After the initial exchange of hostilities on Interstate 5, he said, “both have the misfortune of electing to get off the same exit to go home. McClure stops first at the light, Thompson’s behind him. Nice, lovely spring day. McClure walks back to Thompson’s car to say, ‘What the hell’s the problem?’ There’s an exchange of words … and Thompson pulls a gun to say, ‘Hey, I’ve got this thing. Back off.’ McClure backs off. There’s one shot fired that touches the ground, and a second shot fired that hits McClure in the groin area.”

Three other people, including a young teen-age girl riding in the back of a car that cut someone off, died in separate road-shooting incidents last year. In all, Washington state police are tallying about 1,100 gun-brandishing incidents on state highways every year - a dramatic increase since 1990, although virtually every state is documenting a rise in road-rage reports.

“There’s no question that the Northwest is overrepresented with this problem. Part of this has to do with growth in the area, congestion in the area, poor design of roads that were not designed to move people efficiently. So you have things here that you don’t see in other parts of the country,” said Dr. Roland Maiuro, a University of Washington professor who at Harborview Medical Center in Seattle directs one of the few road-rage therapy programs in the nation.

“We also have people who are accustomed to driving as they please on the road, and not having to be close and interacting intimately with other drivers,” Maiuro said. “This is the great Pacific Northwest and people like their space here, and it’s being taken away from them.”

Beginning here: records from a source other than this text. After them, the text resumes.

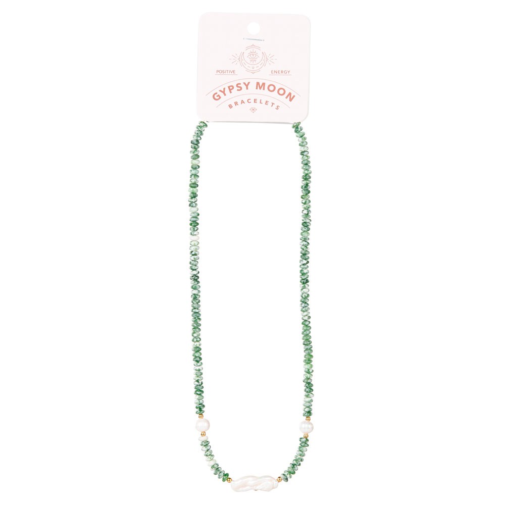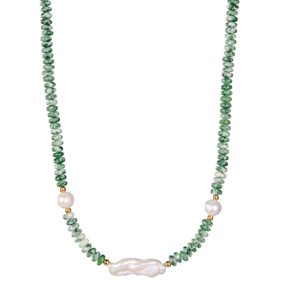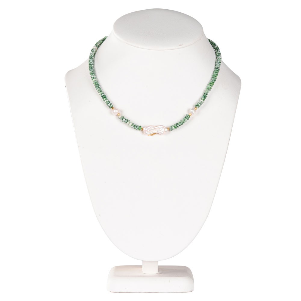 MOSS AGATE BEADED NECKLACE WITH PEARLS
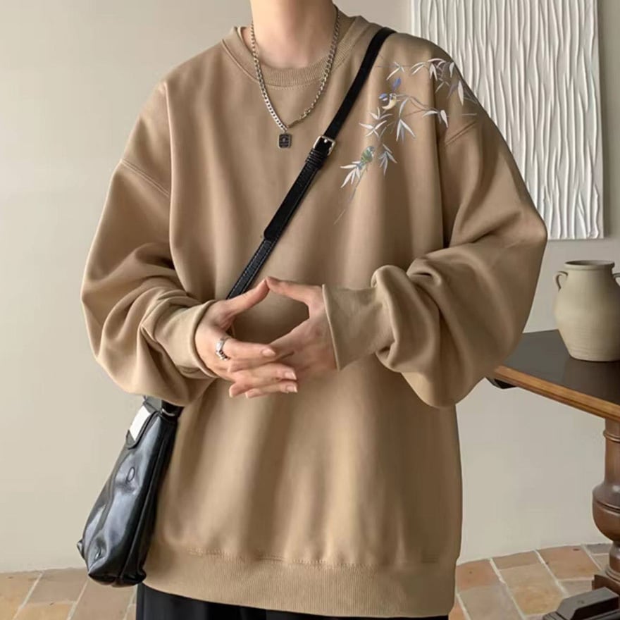 和洋折衷やモダンな中華風デザインを好む方、オーバーサイズで体型カバーをしたい方、ユニセックスで着用可能な個性的なスウェットを探している方。
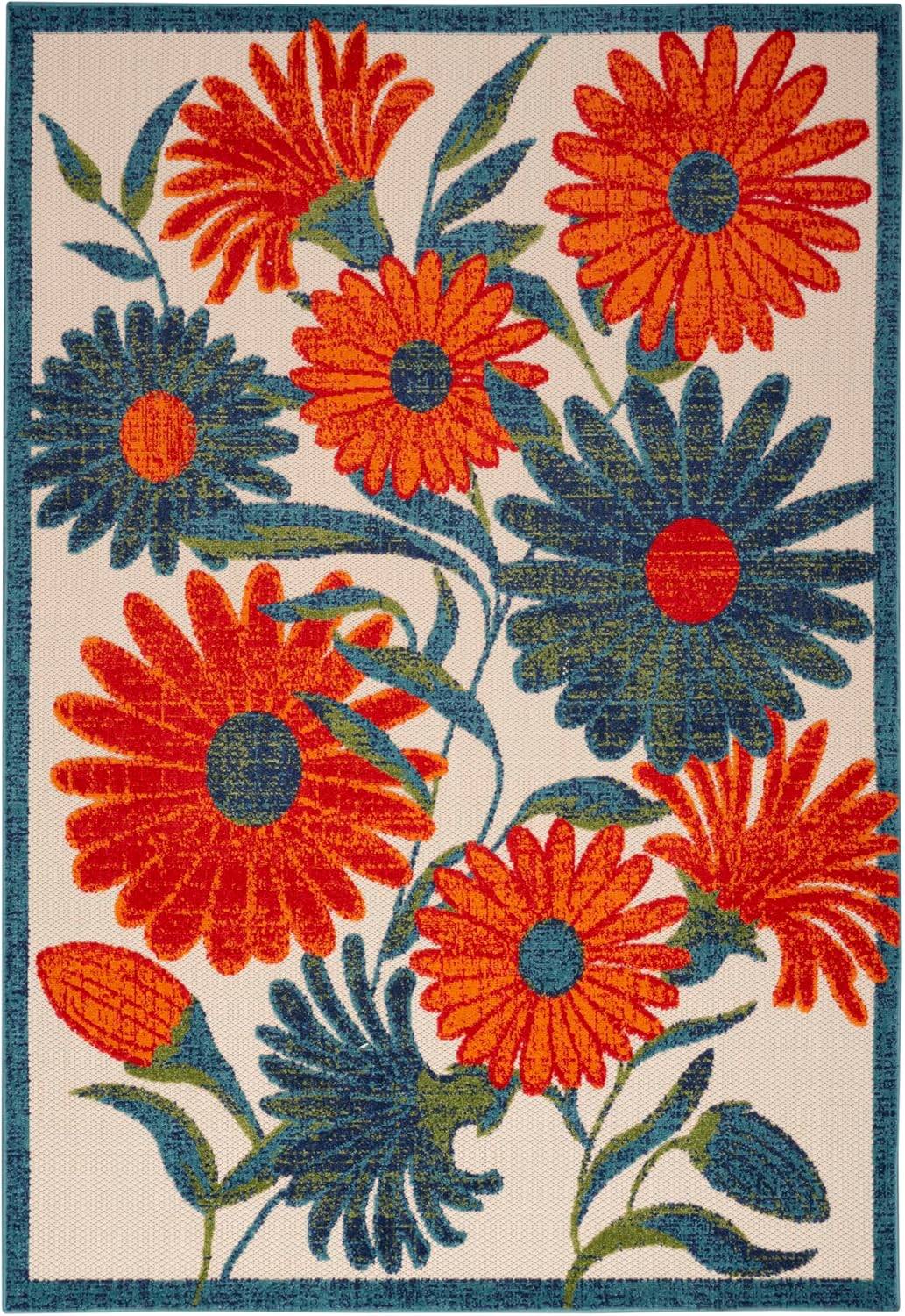 - EYE-CATCHING PATTERN: This floral outdoor rug is flatwoven with a subtly raised cut pile for a distinctive look and soft texture.
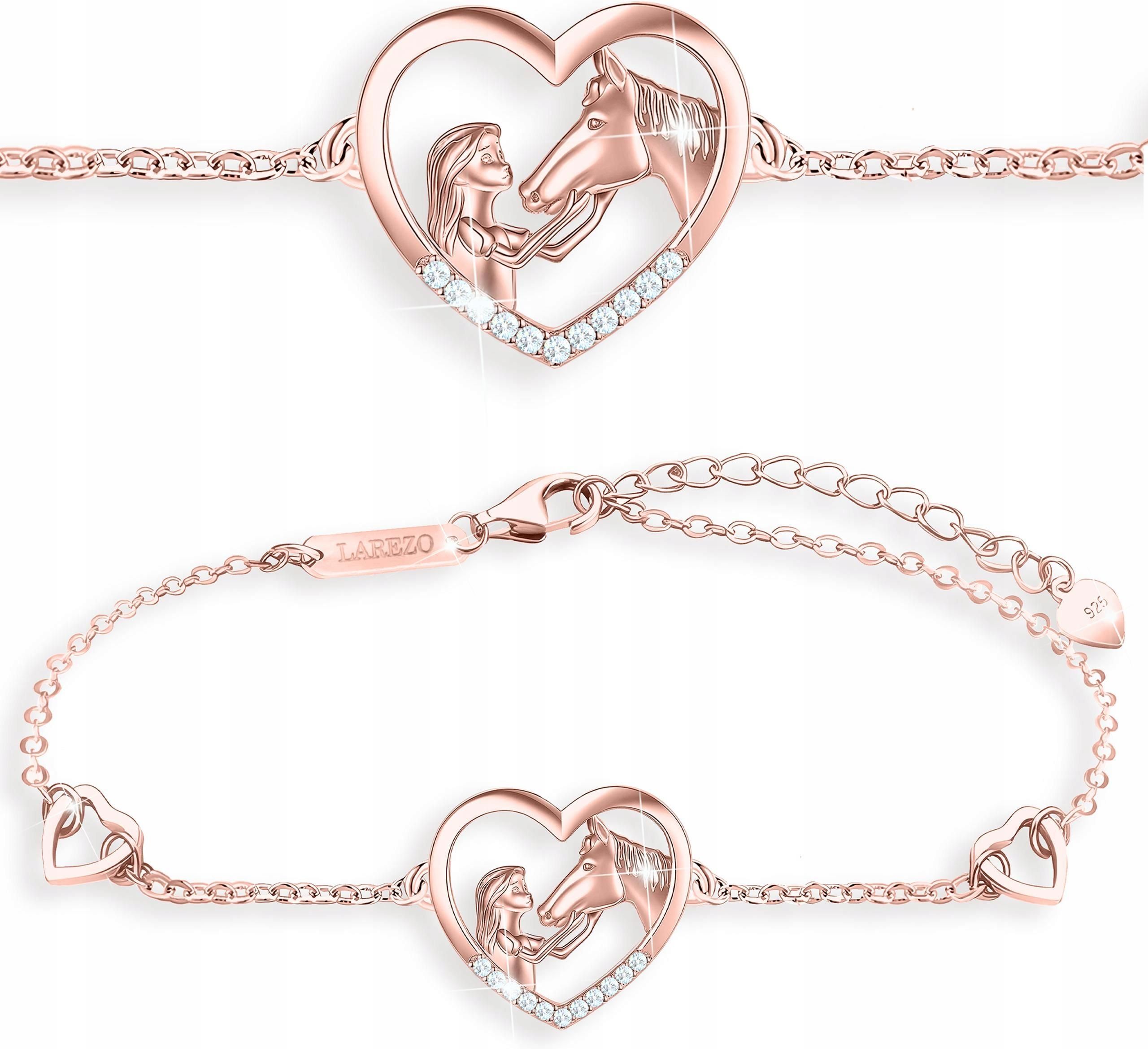 Larezo Bransoletka Pozłacana Serce Dziewczynka Z Koniem Cyrkoniami Srebro 925 Ryglice
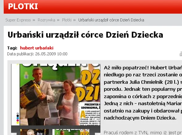 Hubert Urbański został ojcem. To już trzecie dziecko popularnego prezentera. Matką dziewczynki jest jego ukochana Julia Michalska, z którą od roku się spotyka. Para jest bardzo szczęśliwa i teraz ma zamiar skupić całą swoją uwagę na dziecku. Niestety młodzi rodzice nie zdradzili jeszcze, jak będzie miała na imię ich córeczka.
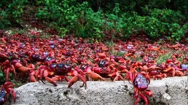 一段时间后,孵化出来的小红蟹又开始向森林迁移。这段繁殖期内,整个岛都像被染上了一层红色。小伙伴们一起来感受下真正的密恐:
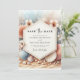 Klassiskt Seashell Beach-bröllop för havets skönhet till spara datum meddelande. Kortet har säsongsmotiv för eleganten, perfekt för ett tidlöst hav firande. Du kan anpassa alla detaljer för att spegla din syn på ditt bröllop genom att anpassa onlinen helt och hållet. Med ett snabbnedladdningsalternativ får du ett fantastiskt digitalt kortnummer med dina gäster och bjuder in dem att gå med i din kärlek-kust.
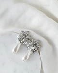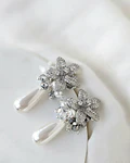 Aros plateados de fantasía de flor con micro circonitas, perla de fantasía alargada y racimo.

The Washington State Patrol is preparing a road-rage response package for the Legislature next month. It will focus on educating drivers on how to avoid highway confrontations, but also will beef up patrols to ticket tailgaters and faulty lane-changers and, where possible, provide engineering improvements to roads in order to avoid predictable traffic conflicts. xxxx TYPES OF RAGE Dr. Roland Maiuro, a University of Washington professor who directs a road-rage therapy program here, has documented five personality types most susceptible to roadway violence: The young, impulsive male, whose sense of identity is not fully formed, who has much to prove to his peers and is very susceptible to challenge. The typical Type-A profile, a competitive individual who sees driving as a race, a challenge, who wants to be first and is determined to defend his territory. A displaced anger or projected-rage profile, who is mad about something else and takes it out in his car. The Dr. Jekyll-Mr. Hyde profile, who appears mild and unassertive in most social encounters and whose bottled-up rage erupts behind the wheel. And, heavily represented in the Northwest and among women, the polite rule-enforcer, who has a certain etiquette he or she expects on the road and who becomes highly offended when it is breached.